Young people without other neurological symptoms often visit the hospital due to repeated fainting and perform autonomic nervous system tests. There are also various items to evaluate autonomic nerve function, and many cases have no clinical significance. Therefore, the ability to interpret is important. Heart diseases such as arrhythmia and heart failure can also cause repeated fainting, so collaboration with circulatory internal medicine (cardiac internal medicine) is also an important part of diagnosis and treatment prognosis.
"One in four neurological outpatients complain of dizziness, and it is important to accurately diagnose and start treatment for various acute and chronic diseases hidden in symptoms of dizziness," said Dr. Cho So-young.
Be careful, especially when you have a sudden severe headache, vomiting, difficulty standing even if you hold on to surrounding furniture, when objects are seen in two, when you have visual impairment, when you have severe eye shaking, when you have blemishes in the eyes of the person next to you, when your arm/leg senses are dull, when you have a sudden loss of strength, when you are speechless and do not communicate well, or when you are unconscious.

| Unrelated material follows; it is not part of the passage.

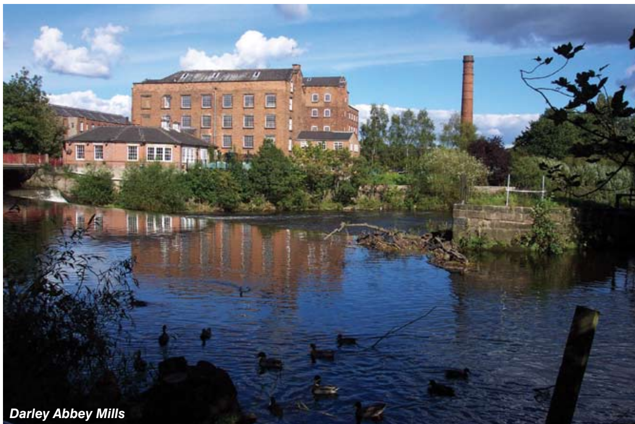
Darley Abbey Mills

This project has been awarded £85,000 by DDEP.

However, even if there are no such symptoms, it should not be considered insignificant and neglected. If you have a family history of smoking, high obesity, high blood pressure, hyperlipidemia, diabetes, arrhythmia, cardiovascular disease, or cerebrovascular disease, you should first discriminate whether you have stroke and pre-stroke symptoms.
Cho So-young, a neurologist at H Plus Yangji Hospital, said "Dialysis, Meniere's disease, vestibular neuroticitis, labyrinthitis, and migraine are common causes of dizziness, but it is difficult to discriminate between these diseases and stroke as simple symptoms" In particular, benign diseases such as vestibular neuropathy and labyrinthitis are very similar to stroke because the initial symptoms are very severe, do not die down, and it is difficult to walk with vomiting, he explained.
'Estatic migraine' is a very common disease that accounts for up to 30% of patients visiting the dizziness center. If you simply focus on 'headache' and 'pain', the diagnosis is difficult. Dizziness occurs depending on the position, so it can be misunderstood as otolithiasis, and tinnitus (sound from the ears) is sometimes accompanied like Meniere's disease.
On the other hand, dizziness occurs even after a concussion due to an accident, and usually improves within 3 months, but sometimes lasts longer. Direct impact causes large and small damage to the brain, and psychological factors such as depression and anxiety are also added. Even without brain damage, dizziness and headaches can often come as symptoms after concussion due to damage to peripheral equilibrium organs inside the ear.
Dizziness is also accompanied by various degenerative diseases such as dementia and Parkinson's disease, whose incidence increases with age. Dizziness, memory loss and walking/balancing disorders are mixed. Motor system degenerative diseases with Parkinson's symptoms are also common, but they complain of distant dizziness just before fainting, because neurodegenerative changes also progress to the autonomic nervous system.
Young people without other neurological symptoms often visit the hospital due to repeated fainting and perform autonomic nervous system tests. There are also various items to evaluate autonomic nerve function, and many cases have no clinical significance. Therefore, the ability to interpret is important. Heart diseases such as arrhythmia and heart failure can also cause repeated fainting, so collaboration with circulatory internal medicine (cardiac internal medicine) is also an important part of diagnosis and treatment prognosis.
"One in four neurological outpatients complain of dizziness, and it is important to accurately diagnose and start treatment for various acute and chronic diseases hidden in symptoms of dizziness," said Dr. Cho So-young.